## Problem details
Excluding pictures, retype the line with "The HERCULES Violin/Viola" and each line that follows it to the end of the data below, word for word.
====== Exercise data
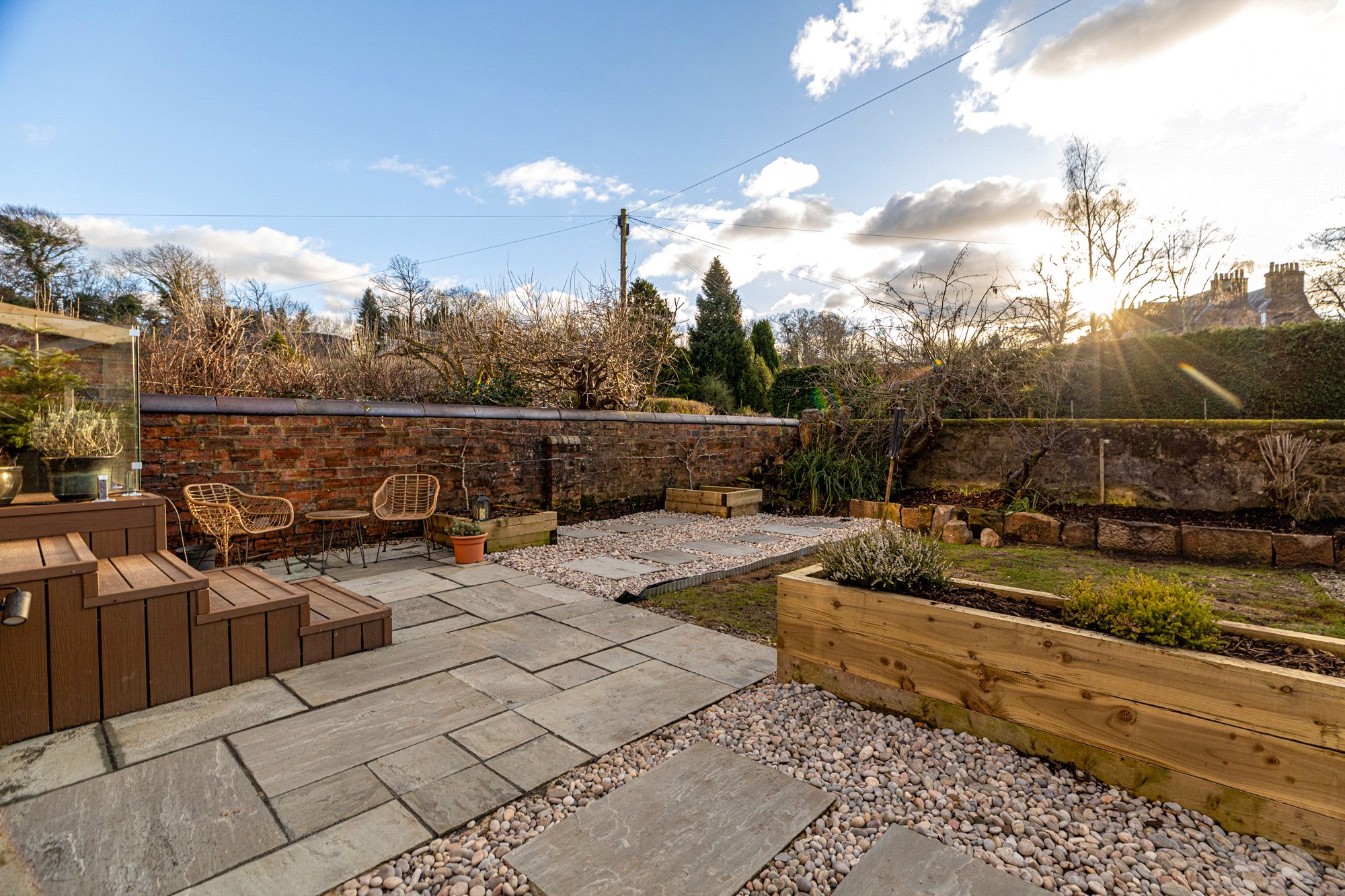 Externally, the landscaped rear garden offers separate patio areas and lawn, alongside composite decking with glass balustrade accessed directly from the kitchen — ideal for entertaining and family use. A private driveway to the front provides valuable off-street parking, a rare advantage within this location.
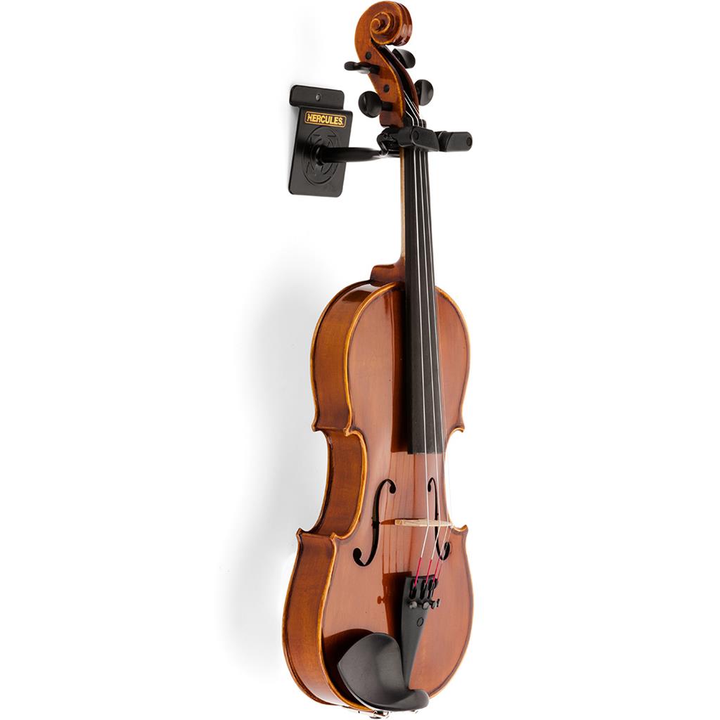 The HERCULES Violin/Viola Hanger DSP57SB utilizes the Auto Grip System (AGS) yoke and features a slat-wall base.
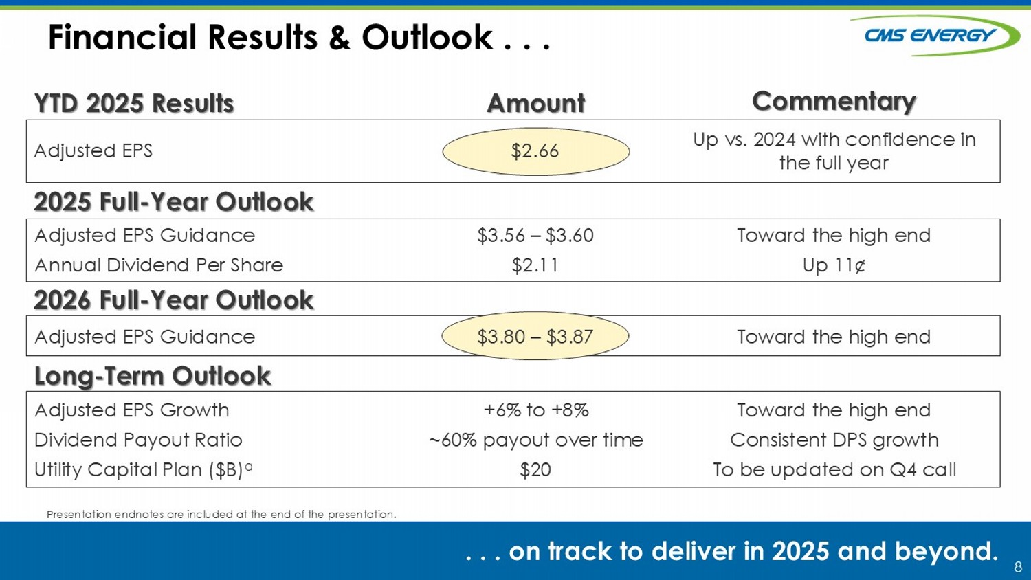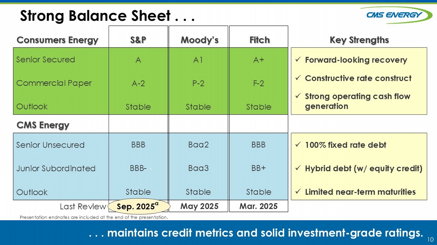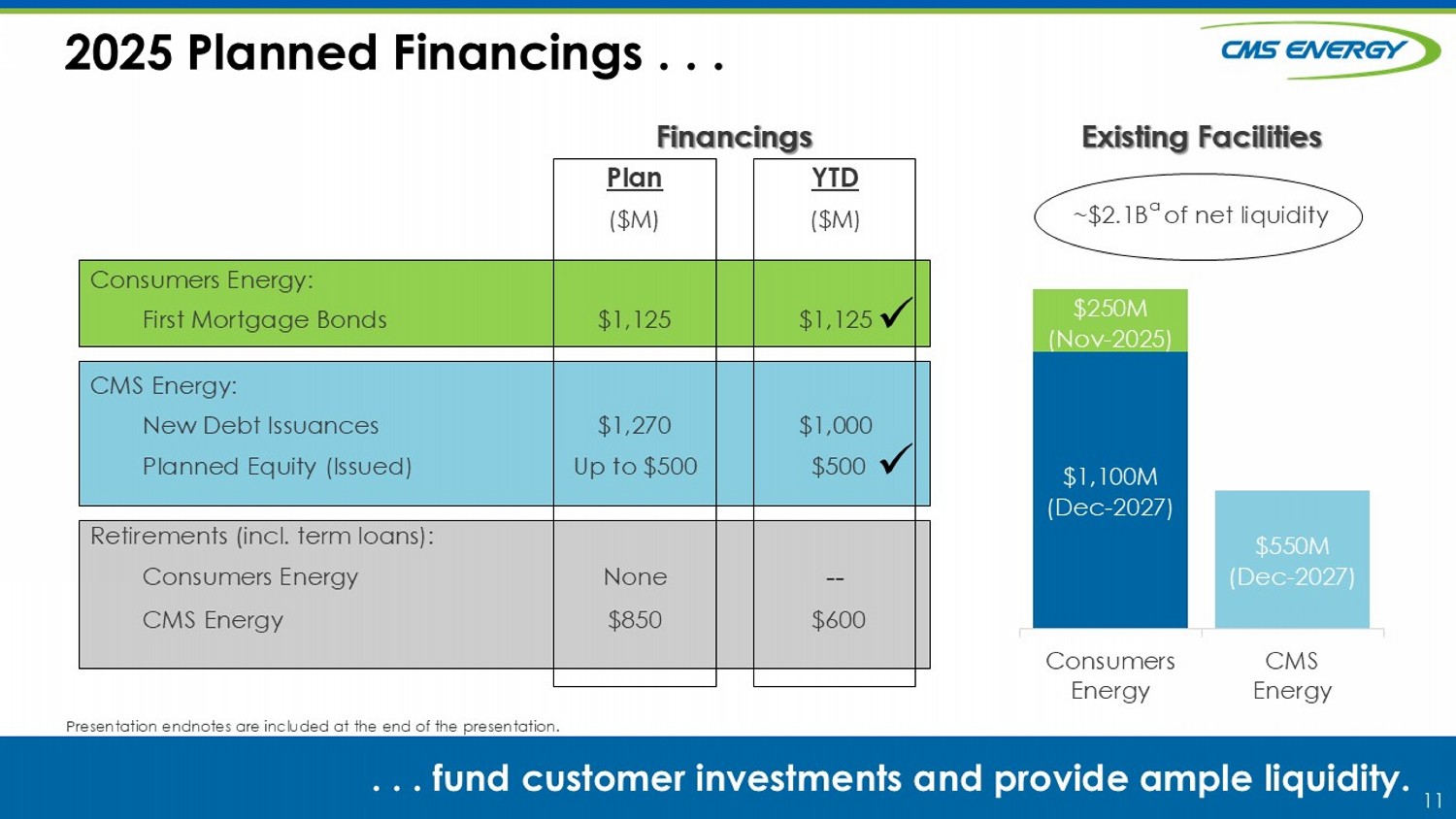 11 YTD Plan ($M) ($M) Consumers Energy: $1,125 $1,125 First Mortgage Bonds CMS Energy: $1,000 $1,270 New Debt Issuances $500 Up to $500 Planned Equity (Issued) Retirements (incl. term loans): -- None Consumers Energy $600 $850 CMS Energy Existing Facilities $1,100M (Dec - 2027) $550M (Dec - 2027) $250M (Nov - 2025) Consumers Energy CMS Energy Financings 2025 Planned Financings . . . . . . fund customer investments and provide ample liquidity. ~$2.1B a of net liquidity x x Presentation endnotes are included at the end of the presentation.
============
## Expected answer
 The HERCULES Violin/Viola Hanger DSP57SB utilizes the Auto Grip System (AGS) yoke and features a slat-wall base.
 11 YTD Plan ($M) ($M) Consumers Energy: $1,125 $1,125 First Mortgage Bonds CMS Energy: $1,000 $1,270 New Debt Issuances $500 Up to $500 Planned Equity (Issued) Retirements (incl. term loans): -- None Consumers Energy $600 $850 CMS Energy Existing Facilities $1,100M (Dec - 2027) $550M (Dec - 2027) $250M (Nov - 2025) Consumers Energy CMS Energy Financings 2025 Planned Financings . . . . . . fund customer investments and provide ample liquidity. ~$2.1B a of net liquidity x x Presentation endnotes are included at the end of the presentation.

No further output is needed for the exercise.